Twenty years ago, after our MI-Nine expanded, it crash-landed in the ocean, a spot in this planet’s north hemisphere, a celestial body we named Ordip. Then it washed ashore, in a place we called Calim Beach, and all of us, cloned men and women, along with our four-foot tall robot guardians, Onen and Dost, climbed out and set up camp. Because the starboard side had been destroyed when it struck water, our MI-Nine wouldn’t fly anymore.
In our mid-teens, everyone started dating. Within a year, after much bickering, each couple moved into their own tent, a home that gave them more privacy.
Because of endless rain, flies, worms, bitter tasting vegetables, sour coconuts, boiled snails, and bland legumes, everyone kept arguing, saying that they hated everyday life.
Last summer, after building a boat, Adam, Atta, and Martin paddled out into rough surf, and started fishing, hoping to find more nutritious meals.
After I talked to Onen about their meager catch, asking him if it was safe to eat, he scanned a fish, a species resembling an eel, and said this sea creature was filled with hemotoxins, substances that would kill us.
In the evening, Onen mentioned our conversation to everyone else. Within the hour, Atta, Martin, and Adam told others that somebody would have to find a different kind of seafood.

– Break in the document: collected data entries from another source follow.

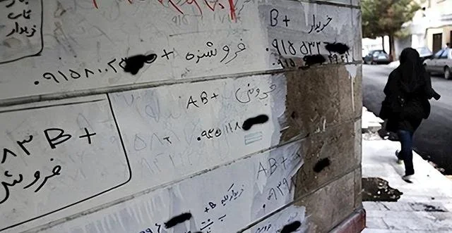 (伊朗牆上的賣腎廣告:女,A型血,27歲,電話……)
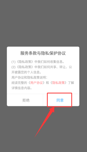 1、在服务条款界面点击"同意",进入程序主页面。
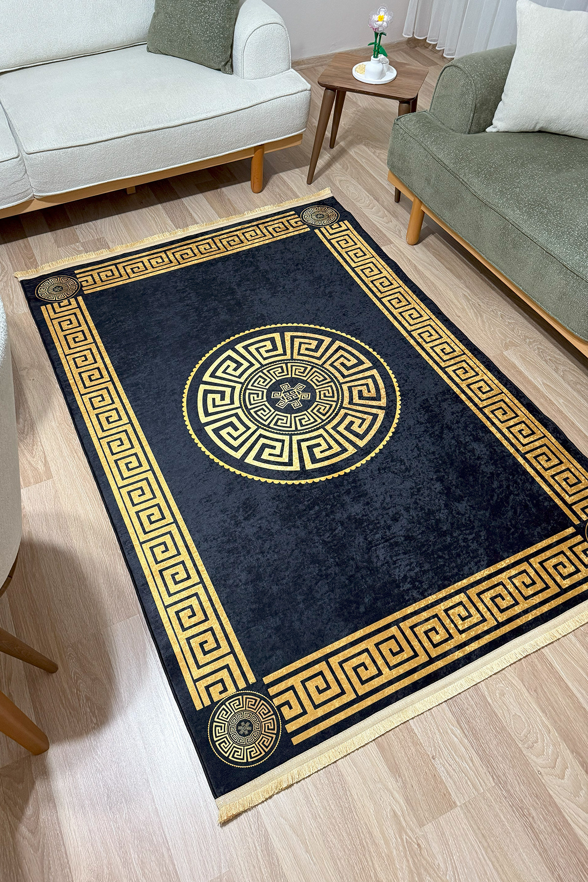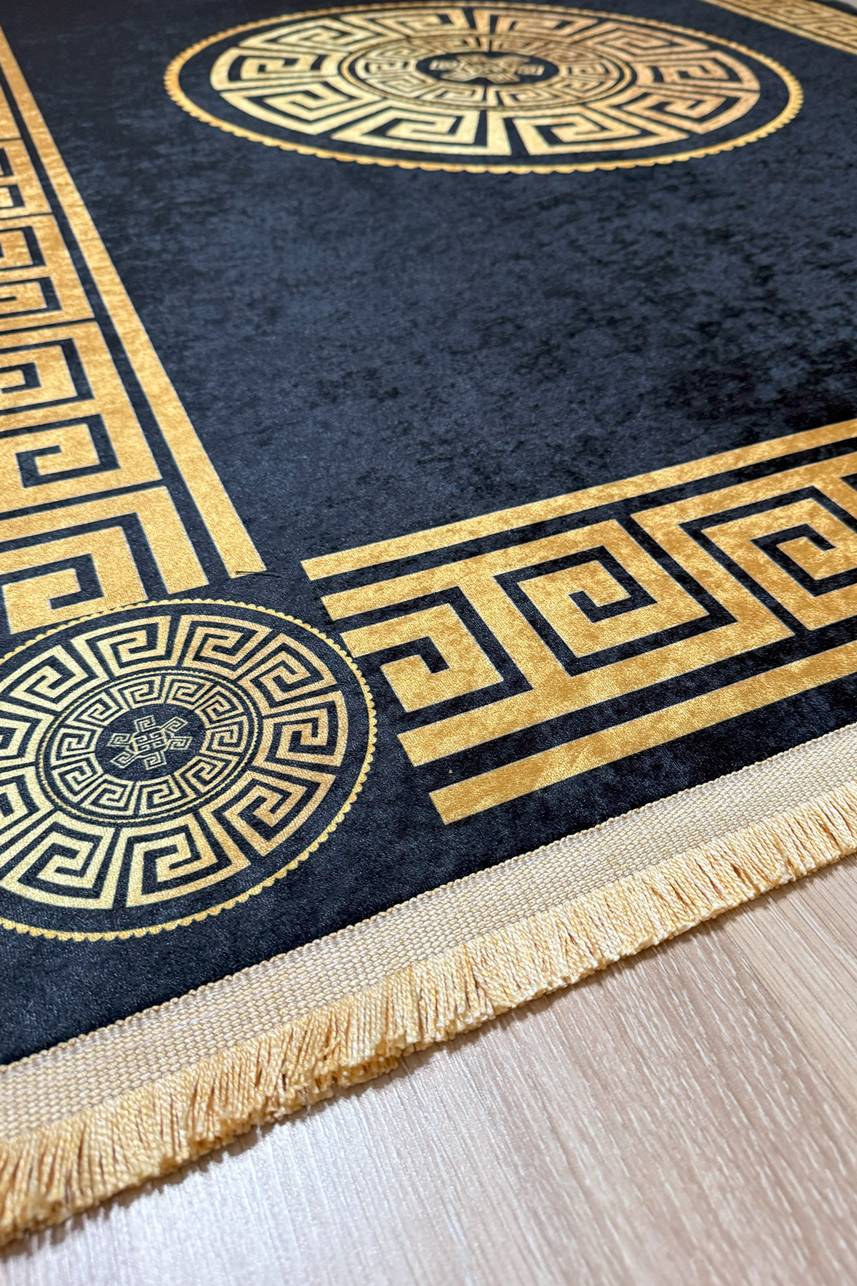 Gold Greek Desenli Gold Saçaklı Makinede Yıkanabilir Salon Halısı Yatak Odası Halısı & Yolluk Gold Greek Desenli Gold Saçaklı Makinede Yıkanabilir Salon Halısı Yatak Odası Halısı & Yolluk CM001040 160 x 230

At the end of that week, Adam said he didn’t believe Onen, and gulped down the fish. His temperature rose. He had to stay in his tent for a month, sick with fever.
In autumn, the boat hit rocks and sank. Martin and Adam barely made it to shore. Within days, both started building another watercraft.
They finished it three winters later. On two occasions, while paddling through a riptide, the boat tipped over. Martin and Adam climbed back in, and talked more about the area’s hazardous conditions.
After many discussions, both men and Atta went on a short journey north, up the coast, searching for a drier place to live. When the boat was close to shore, the hull scraped against submerged rocks, tearing a hole in the bottom.
Atta called Onen and told him about the problem. He said all of us would wait at Calim, the only thing we could do. Within hours, the craft sank several hundred feet away. Although everybody aboard made it to shore, all of us agreed that going on any more voyages was dangerous.
Chapter Two
The following morning, I gathered mushrooms, food that was filled with nutritious proteins, a daily routine.
Inside a ten-foot high net, a structure designed to keep insects out of her vegetable garden, Niwo, my lover, a beautiful woman who knew a great deal about botany and biochemistry, spread out soil, a clump that was filled with nitrogen, phosphorus and potassium, something she had been doing for years.